╭─ Data
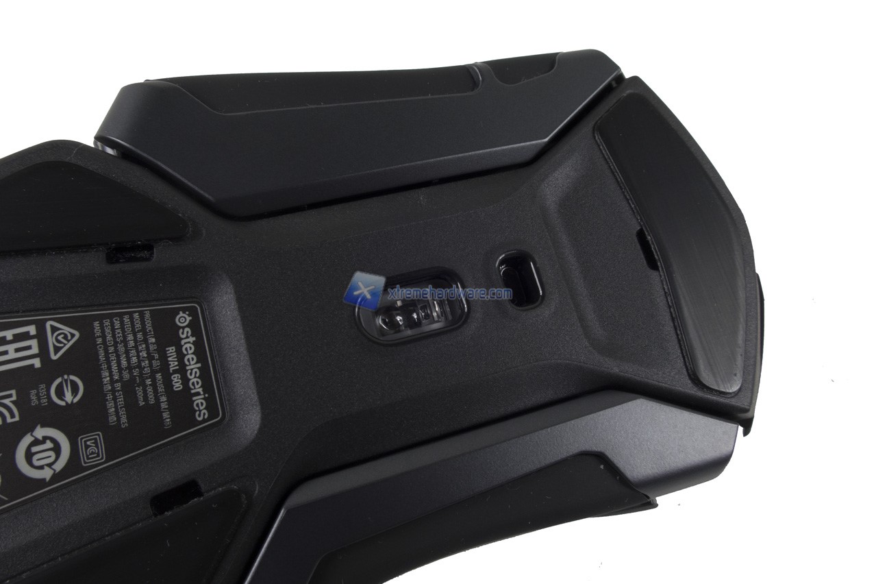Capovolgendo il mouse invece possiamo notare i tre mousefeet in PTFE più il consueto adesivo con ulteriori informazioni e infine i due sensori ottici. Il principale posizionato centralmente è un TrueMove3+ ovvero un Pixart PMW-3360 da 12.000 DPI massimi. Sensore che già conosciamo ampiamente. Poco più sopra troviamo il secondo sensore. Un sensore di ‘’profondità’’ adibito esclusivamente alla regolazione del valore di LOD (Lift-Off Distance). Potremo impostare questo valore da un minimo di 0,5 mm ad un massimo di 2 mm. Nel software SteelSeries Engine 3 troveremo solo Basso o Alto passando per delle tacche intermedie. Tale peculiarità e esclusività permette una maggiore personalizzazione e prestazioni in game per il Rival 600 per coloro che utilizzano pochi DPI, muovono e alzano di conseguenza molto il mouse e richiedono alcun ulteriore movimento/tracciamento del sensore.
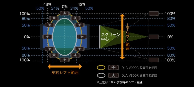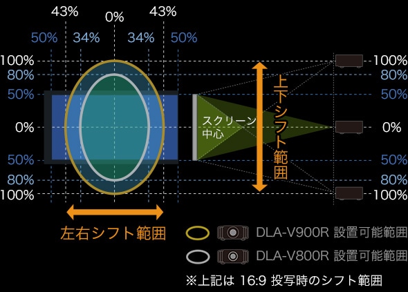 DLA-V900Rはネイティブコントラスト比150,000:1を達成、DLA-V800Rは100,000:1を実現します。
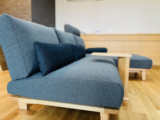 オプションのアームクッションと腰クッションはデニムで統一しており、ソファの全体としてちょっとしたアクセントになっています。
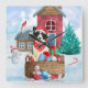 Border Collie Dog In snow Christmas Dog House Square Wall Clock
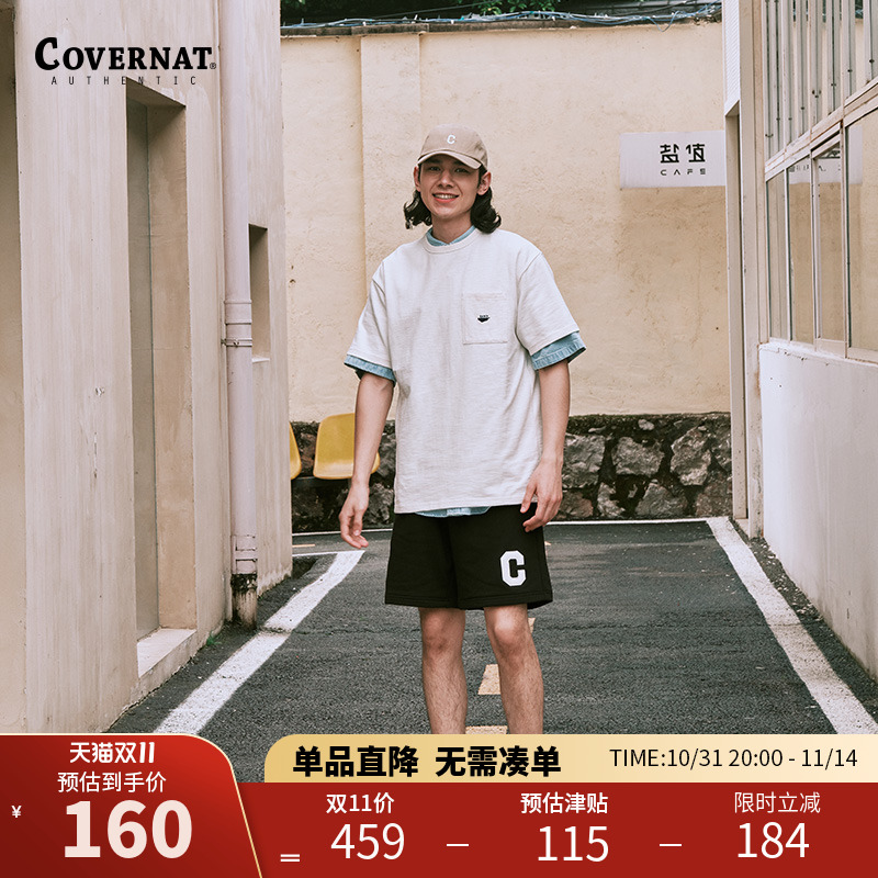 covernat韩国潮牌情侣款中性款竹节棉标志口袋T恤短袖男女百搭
╰─
> _Your objective_
Only the records, copied exactly and without pictures, should make up the answer.

> _The completed task_
Capovolgendo il mouse invece possiamo notare i tre mousefeet in PTFE più il consueto adesivo con ulteriori informazioni e infine i due sensori ottici. Il principale posizionato centralmente è un TrueMove3+ ovvero un Pixart PMW-3360 da 12.000 DPI massimi. Sensore che già conosciamo ampiamente. Poco più sopra troviamo il secondo sensore. Un sensore di ‘’profondità’’ adibito esclusivamente alla regolazione del valore di LOD (Lift-Off Distance). Potremo impostare questo valore da un minimo di 0,5 mm ad un massimo di 2 mm. Nel software SteelSeries Engine 3 troveremo solo Basso o Alto passando per delle tacche intermedie. Tale peculiarità e esclusività permette una maggiore personalizzazione e prestazioni in game per il Rival 600 per coloro che utilizzano pochi DPI, muovono e alzano di conseguenza molto il mouse e richiedono alcun ulteriore movimento/tracciamento del sensore.
 DLA-V900Rはネイティブコントラスト比150,000:1を達成、DLA-V800Rは100,000:1を実現します。
 オプションのアームクッションと腰クッションはデニムで統一しており、ソファの全体としてちょっとしたアクセントになっています。
 Border Collie Dog In snow Christmas Dog House Square Wall Clock
 covernat韩国潮牌情侣款中性款竹节棉标志口袋T恤短袖男女百搭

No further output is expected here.